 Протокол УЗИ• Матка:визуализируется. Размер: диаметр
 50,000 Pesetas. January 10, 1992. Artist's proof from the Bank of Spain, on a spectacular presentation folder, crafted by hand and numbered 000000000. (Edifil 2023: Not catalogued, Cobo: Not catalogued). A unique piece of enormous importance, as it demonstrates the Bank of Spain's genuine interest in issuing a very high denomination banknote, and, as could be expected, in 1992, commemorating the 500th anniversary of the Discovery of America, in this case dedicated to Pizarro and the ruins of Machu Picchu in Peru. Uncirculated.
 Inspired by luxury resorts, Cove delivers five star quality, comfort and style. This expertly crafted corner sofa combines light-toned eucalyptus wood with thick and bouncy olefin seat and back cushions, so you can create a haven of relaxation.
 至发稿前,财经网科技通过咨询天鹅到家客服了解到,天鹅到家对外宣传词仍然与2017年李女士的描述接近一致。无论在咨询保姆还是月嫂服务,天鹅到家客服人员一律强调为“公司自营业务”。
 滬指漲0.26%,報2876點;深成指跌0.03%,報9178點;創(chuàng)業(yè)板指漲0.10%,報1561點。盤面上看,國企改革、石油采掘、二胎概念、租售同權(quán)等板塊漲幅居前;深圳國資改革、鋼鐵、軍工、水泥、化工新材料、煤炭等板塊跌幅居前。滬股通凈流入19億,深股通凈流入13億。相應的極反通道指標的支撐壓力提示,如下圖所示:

————————

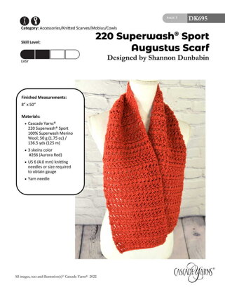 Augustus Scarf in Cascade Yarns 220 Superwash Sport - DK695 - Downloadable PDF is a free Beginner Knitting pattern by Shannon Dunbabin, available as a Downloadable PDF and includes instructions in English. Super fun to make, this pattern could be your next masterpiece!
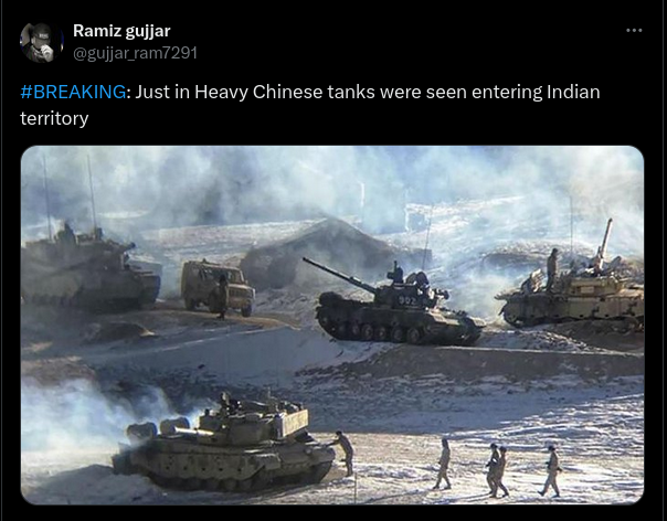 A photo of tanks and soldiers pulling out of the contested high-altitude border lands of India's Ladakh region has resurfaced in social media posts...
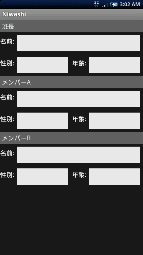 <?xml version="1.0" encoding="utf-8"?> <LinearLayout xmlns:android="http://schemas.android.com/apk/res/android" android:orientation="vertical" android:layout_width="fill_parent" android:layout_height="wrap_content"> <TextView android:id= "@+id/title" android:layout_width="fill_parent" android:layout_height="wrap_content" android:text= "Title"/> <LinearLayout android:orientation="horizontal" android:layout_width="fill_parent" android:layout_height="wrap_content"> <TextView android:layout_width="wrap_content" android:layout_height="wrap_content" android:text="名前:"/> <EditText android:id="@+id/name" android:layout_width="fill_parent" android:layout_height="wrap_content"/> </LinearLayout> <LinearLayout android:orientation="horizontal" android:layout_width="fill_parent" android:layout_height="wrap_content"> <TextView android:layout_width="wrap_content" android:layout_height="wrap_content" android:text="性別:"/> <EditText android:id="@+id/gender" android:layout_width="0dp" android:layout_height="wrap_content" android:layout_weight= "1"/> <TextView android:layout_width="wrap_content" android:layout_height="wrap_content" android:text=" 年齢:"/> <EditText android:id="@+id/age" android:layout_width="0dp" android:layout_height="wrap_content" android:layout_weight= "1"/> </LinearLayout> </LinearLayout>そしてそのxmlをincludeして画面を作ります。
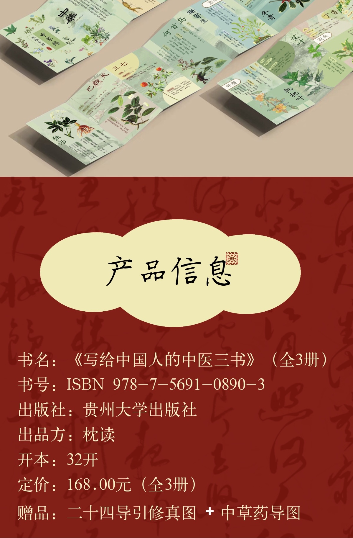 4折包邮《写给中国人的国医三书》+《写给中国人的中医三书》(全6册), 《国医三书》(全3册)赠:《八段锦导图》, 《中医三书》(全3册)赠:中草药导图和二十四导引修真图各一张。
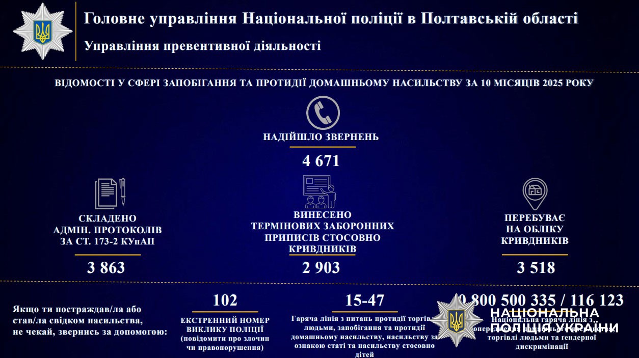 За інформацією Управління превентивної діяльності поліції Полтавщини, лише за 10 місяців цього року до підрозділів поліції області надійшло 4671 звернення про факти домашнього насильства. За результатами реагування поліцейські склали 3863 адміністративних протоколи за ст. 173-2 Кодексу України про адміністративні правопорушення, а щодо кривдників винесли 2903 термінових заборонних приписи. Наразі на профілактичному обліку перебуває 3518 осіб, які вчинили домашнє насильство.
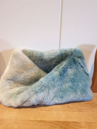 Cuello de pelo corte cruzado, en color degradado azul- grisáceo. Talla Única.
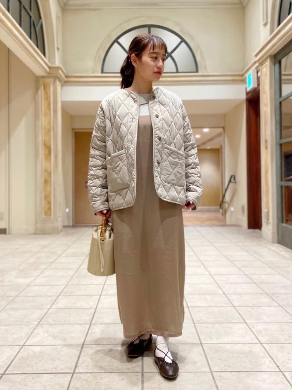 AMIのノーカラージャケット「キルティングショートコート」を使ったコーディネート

————————

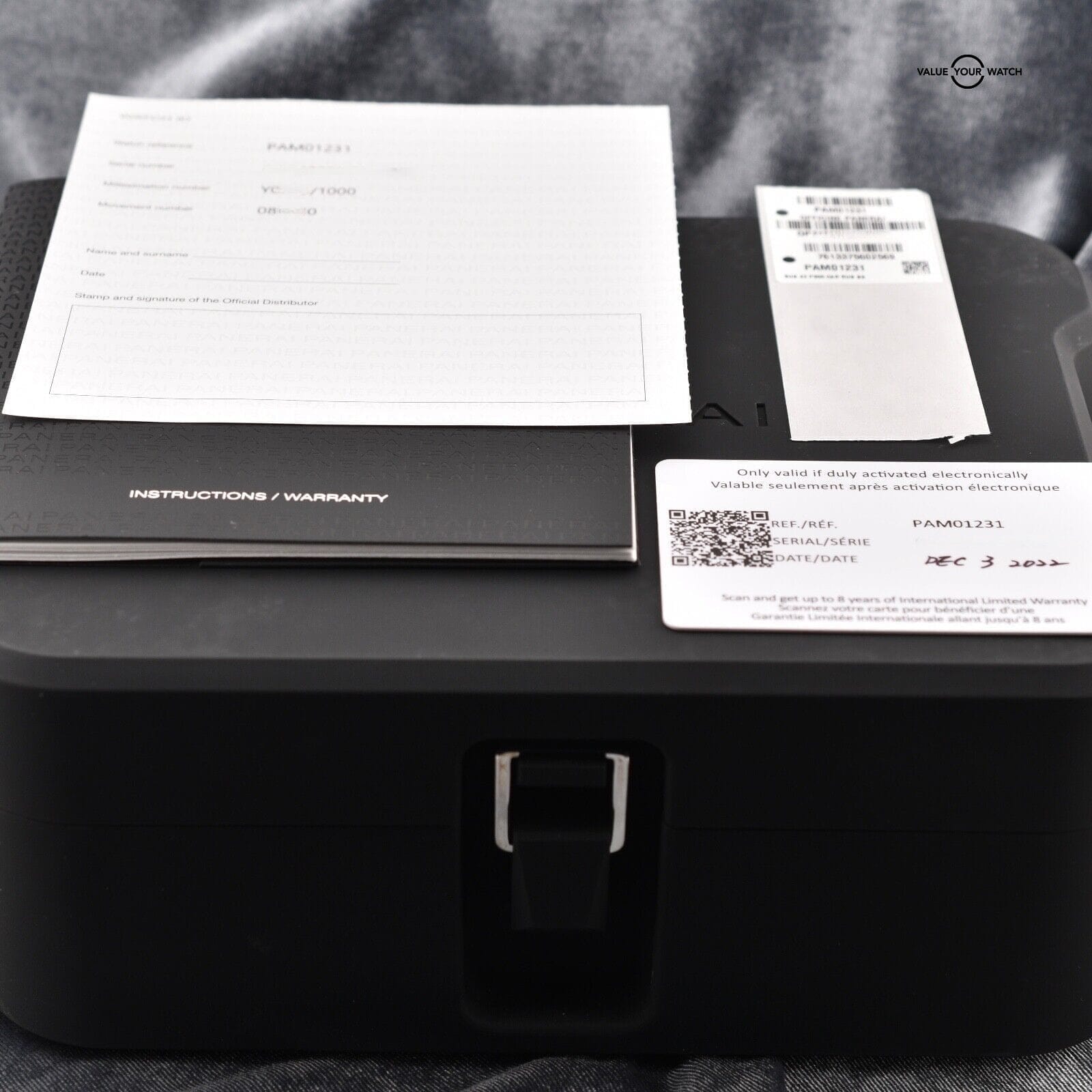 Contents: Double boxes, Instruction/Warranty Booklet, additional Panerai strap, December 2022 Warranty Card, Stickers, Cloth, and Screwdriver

————————

EXERCISE
The lines above starting at the one that holds "Cuello de pelo" and ending at the one that holds "AMIのノーカラージャケット" are to be written out exactly, ends included, and no pictures are to be copied.

RESPONSE
 Cuello de pelo corte cruzado, en color degradado azul- grisáceo. Talla Única.
 AMIのノーカラージャケット「キルティングショートコート」を使ったコーディネート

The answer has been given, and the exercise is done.